GEORGIA CODE (Last Updated: August 20, 2013) |
Title 17. CRIMINAL PROCEDURE |
Chapter 10. SENTENCE AND PUNISHMENT |
Article 3. MENTALLY INCOMPETENT TO BE EXECUTED |
Section 17-10-68. Proof; disposition
Latest version.
- (a) The court may receive proof by depositions, oral testimony, sworn affidavits, or other evidence.
(b) The taking of depositions shall be governed by Code Sections 9-11-26 through 9-11-32 and 9-11-37.

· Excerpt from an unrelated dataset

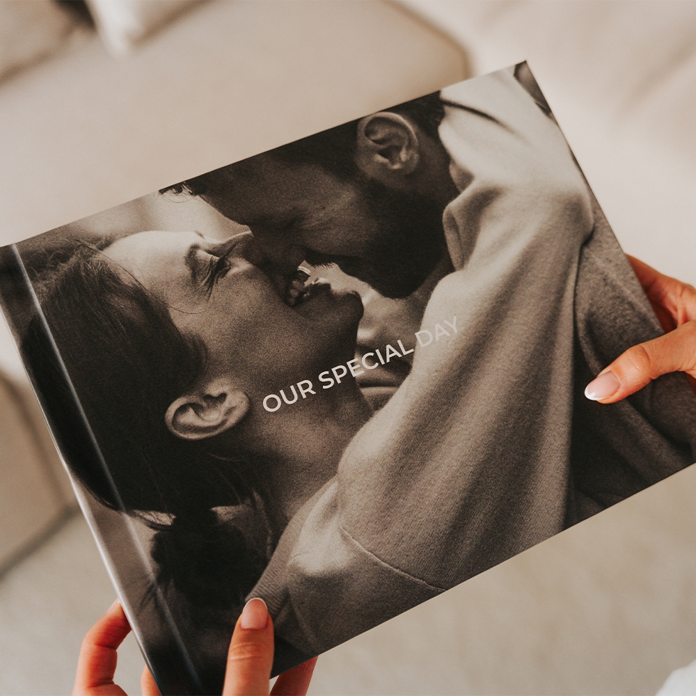 Os Álbuns Press da Dreambooks possuem capas duras feitas de cartão rígido, que são totalmente personalizáveis. As capas são tradicionalmente fotográficas, permitindo a personalização completa com fotografias, textos ou cliparts na capa, contracapa e lombada. A impressão inclui uma laminação matte, que confere um toque e impacto premium, elevando a aparência e a durabilidade do Foto Livro.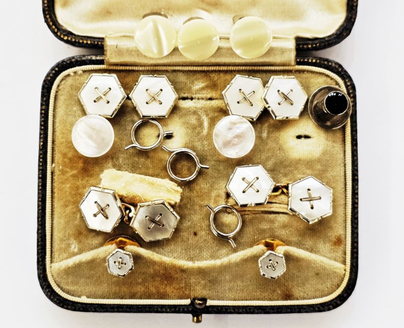 Pair of gold and mother of pearl cufflinks of hexagonal design with central wire decoration, marked 9ct, with a pair of matching collar studs and full matching buttons in fitted case (incomplete), and with other studs etc

(c) If a sworn affidavit is to be introduced into evidence by either party, the party intending to introduce such an affidavit shall cause it to be served upon the opposing party at least five days in advance of the date set for a hearing in the case or, in the event a hearing is set less than five days from the date of the filing of the application, as soon as possible so that opposing counsel has the opportunity to review the affidavit prior to the hearing. The affidavit so served shall be accompanied by notice of the party's intention to introduce it into evidence. The superior court judge considering the application may resolve disputed issues of fact upon the basis of sworn affidavits standing by themselves.

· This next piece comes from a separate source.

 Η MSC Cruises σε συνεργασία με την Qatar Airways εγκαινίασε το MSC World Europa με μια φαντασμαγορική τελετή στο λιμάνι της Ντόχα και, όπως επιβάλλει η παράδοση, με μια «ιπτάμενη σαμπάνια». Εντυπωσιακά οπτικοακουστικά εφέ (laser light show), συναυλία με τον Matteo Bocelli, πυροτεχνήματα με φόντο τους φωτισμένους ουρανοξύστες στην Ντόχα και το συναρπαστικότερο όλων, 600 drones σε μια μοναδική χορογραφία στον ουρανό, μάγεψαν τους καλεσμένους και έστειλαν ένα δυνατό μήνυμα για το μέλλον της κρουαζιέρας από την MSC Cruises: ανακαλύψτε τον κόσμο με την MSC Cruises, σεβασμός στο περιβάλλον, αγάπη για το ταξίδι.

(d) After reviewing the pleadings and evidence offered at the hearing, the judge of the superior court hearing the case shall make written findings of fact and conclusions of law upon which the judgment is based. The findings of fact and conclusions of law shall be recorded as part of the record in the case.

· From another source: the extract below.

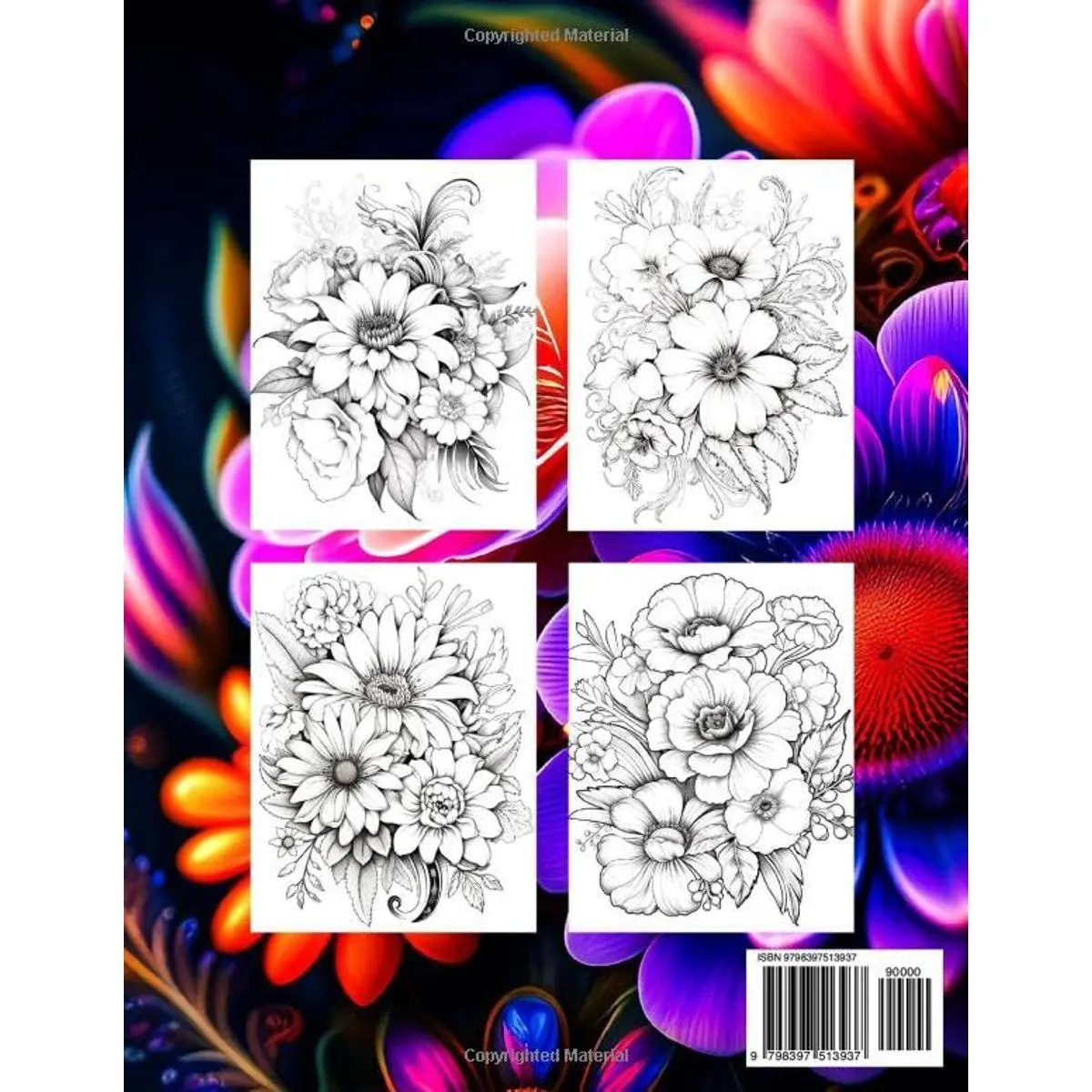 ·High Quality: 102 Pages of uniquely designed illustrations of beautiful flowers on high quality white paper. Includes: The beautiful cover of the book inside as a bonus that you can put your own color twist on!

(e) If the court finds in favor of the applicant by finding that the applicant has proven his or her mental incompetence to be executed by a preponderance of the evidence, the court shall enter an appropriate order with respect to any scheduled execution time period and shall enter such supplementary orders as necessary and proper. If the court denies the application, the court shall direct that immediate telephonic notification be given to the parties and any stay presently entered under this article shall be dissolved instanter.
Code 1981, § 17-10-68, enacted by Ga. L. 1988, p. 1003, § 2.